Françoise Urban-Menninger : Grappes d’azur

mardi, décembre 23 2008

Au bal masqué

Je n'ai vu que ses yeux luire sous masque noir.
Ils étaient azurés, et d'un éclat notoire.
J'ai voulu voir son corps,entre mes bras se choir,
Mais l'envie ne suffit jamais d'avoir la gloire !

J'ai vu deux longues mèches pointer des deux côtés.
Coloriées pure pêche ou du miel importé,
Ondulantes mais pêchent d'un mouvement sauter.
Et les parties très fraîches, du corps, je les ratais!

Sa bouche un beau joujou qui glorifie l'orfèvre.
Ses lèvres des bijoux m'ont jetée dans la fièvre.
Sans oublier le cou fin un joli chef-d'œuvre.
L'épaule me rend fou, balançant comme pieuvre.

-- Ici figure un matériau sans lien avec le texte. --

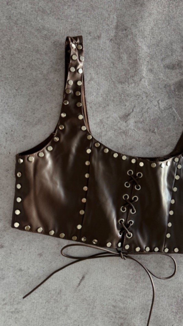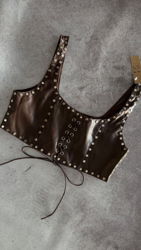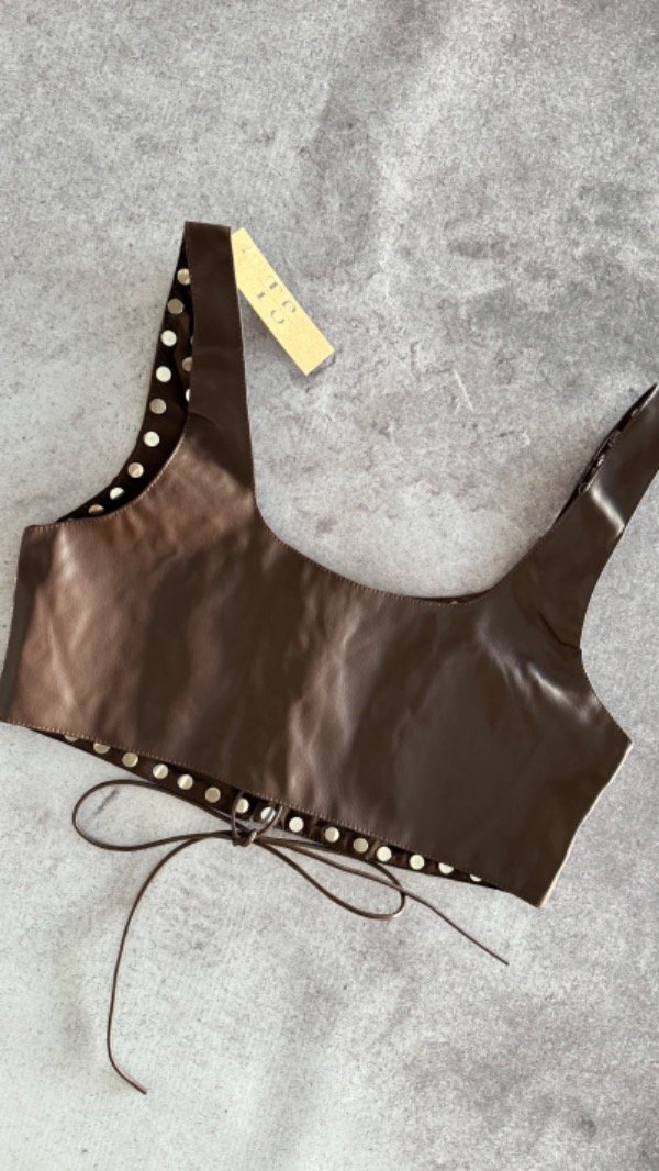 top de cuerina con forro, el frente trae tachas. talle unico, aprox S

Les seins dans les sursauts divaguaient comme houle,
Pointés dans un air haut,très peu cachés des foules.
Et un pantalon gros, d'en bas mais le haut moule,
Montrant l'amphore beau:qui enchante et saoule.

Sa voix qui raisonnait : une flûte enchantée,
Laissait emprisonner mon cœur et l'empâter,
Le charme qui sonnait de ses propos jetés
Dévie les cantonnés ermites et piétés.

Je n'ai pu retenir mes élans sensuels,
Et je n'avais des yeux que pour ma demoiselle:
Comme une libellule accrochée par ficelles
A ses mains je tournais constamment autour d'elle!

J'aurais payé un an de ma vie pour l'avoir
Dansée collée à moi et beaucoup plus pour voir
Ses seins contre ma bouche,seules dans une foire .

Je me suis rapprochée d'elle pour l'accoster,
Mais j'étais empochée par quelqu'un à côté,
Et je n'ai pu lâcher un mot pour l'affréter!

C'était une soirée avec quelques amis,
Et j'ai bien regretté d'être nombreux venus:
Si j'étais, vraiment seule, je l'aurais sûr suivie,
Pour découvrir la meule tapie sous ses habits!